Effie Briest

Langatmig ist er schon an einigen Stellen, der Roman von Theodor Fontane.
Aus einer Seite hätte man unter Umständen eine halbe machen können, aus zehn Sätzen eventuell drei, die ebenso gut vermittelt hätten,
was der Dichter uns mit seinem Werk zu sagen hat.

Vielleicht. Vielleicht aber auch nicht.
Vielleicht muss es genau so geschrieben sein
um uns die Bedeutung des Geschehens um Effie und mit ihr offenbar zu machen.

Der mit seiner Zeit verbundenen Moral wohl voraus,
lässt er uns mitleiden mit der verstoßenen Tochter.
Er lässt uns den Schmerz und die Verzweiflung fühlen der Mutter,
deren Kind zur Antiliebe und mechanischen Puppe dressiert ist
und wir fühlen das Unnütze eines Todes, der auf zweifelhaften und vom Vollziehenden selbst nicht hundert Prozent als sinnvoll angesehenen Konventionen beruht.
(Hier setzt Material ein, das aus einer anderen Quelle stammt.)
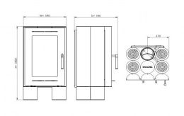 Топка оборудована чугунным дымосборником диаметром 180 мм. Жаростойкое стекло топки плоское, чистоту во время горения поддерживает система 'Чистое стекло'. Ширина дверцы 650 мм, высота - 510 мм. Дверца открывается влево/вправо (дверки топки могут быть легко переустановлены из стандартного открывания влево в открывание вправо и наоборот). Благодаря системе плотного закрытия дверей достигается полная герметичность топки.
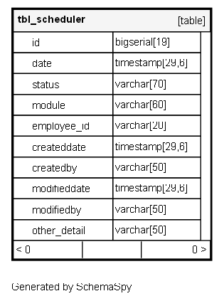 | id | bigserial | 19 | √ | nextval('tbl_scheduler_id_seq'::regclass) |
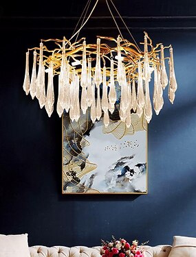 Lámparas de araña con ramas de árboles doradas, 60/80 cm, lámpara colgante de cristal rectangular de lujo con forma de gota de agua, 13 luces, lámpara colgante de techo para salón, comedor, vestíbulo,

Effi ist jung, als sie ihr Elternhaus verlässt und ohne Entscheidungsfähigkeit in die ehelichen Hände
eines, der Generation ihrer Eltern angehörenden Mannes gegeben wird.
Bar jeder Lebenserfahrung schreibt sie alles, was sie in Angst, Langeweile, Einsamkeit und Unverständnis versetzt ihrer eigenen Unzulänglichkeit zu.
Ihr Bemühen um Anpassung und Gehorsam einer Generation gegenüber, die nicht die ihre ist, legt die ihrer Jugend entsprechenden Leichtigkeit ab und betont vor sich und der Welt die Großartigkeit des Gatten und damit ihr eigenes großes Glück, seine Ehefrau zu sein.
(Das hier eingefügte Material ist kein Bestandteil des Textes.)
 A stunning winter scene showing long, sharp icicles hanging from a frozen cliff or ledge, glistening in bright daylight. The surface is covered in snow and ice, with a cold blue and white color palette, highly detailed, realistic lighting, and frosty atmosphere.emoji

Als sie Crampas begegnet, ziehen Spiel und Spannung und jene krampfhaft abgelegte Leichtigkeit wieder in ihr Leben ein und lassen es ein wenig mehr zu ihrem eigenen werden.
Zärtlichkeiten und neu entdeckte Erregung durchbrechen die
Monotonie und Uneigenständigkeit ihres Alltags.
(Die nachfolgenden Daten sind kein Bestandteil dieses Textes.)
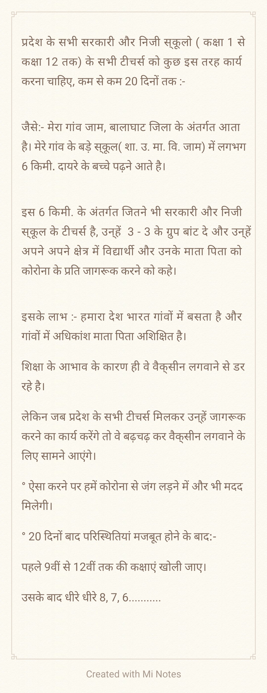 मेरे हिसाब से 9 से 12 तक की कक्षाए 1 सितम्बर से स्टार्ट करना चाइए वो भी सप्ताह मे 3 दिन और ये अभिभावक की लिखित अनुमति से स्कूल मे प्रवेश दिया जाना चाइए और वो बच्चे जिनके perents ने टिका करवा लिया वो ही स्कूल मे आये और बाकी सप्ताह के 2 दिन ऑनलाइन assignment,quiz,gk और practically उनको ऑनलाइन क्लास मे समझाया जाए।

„Und es war noch nicht einmal Liebe“ sind Effies Worte, als sie vom Tode Crampas´erfährt.
Aber es war das Leben.

Fontane zeigt uns, was eine Gesellschaft vermag, in der Leben nur die Moral der Zeit,
Anpassung und Gehorsam verkörpern soll.
Er zeigt uns, wie das Anderssein bestraft wird bis hin zum Tode und der Vollzieher letztendlich keine Genugtuung empfindet, jedoch seine Ehre, Ehrbarkeit und Position
in der Gesellschaft durch die Tat erhalten kann.

„Ob wir nicht doch vielleicht schuld sind?“ so die Worte der Mutter am Ende des Romans
und die Antwort ihres Gatten: „Ach, Luise, lass … das ist ein zu weites Feld.“
Aber, diese wenigen Worte lassen uns hoffen.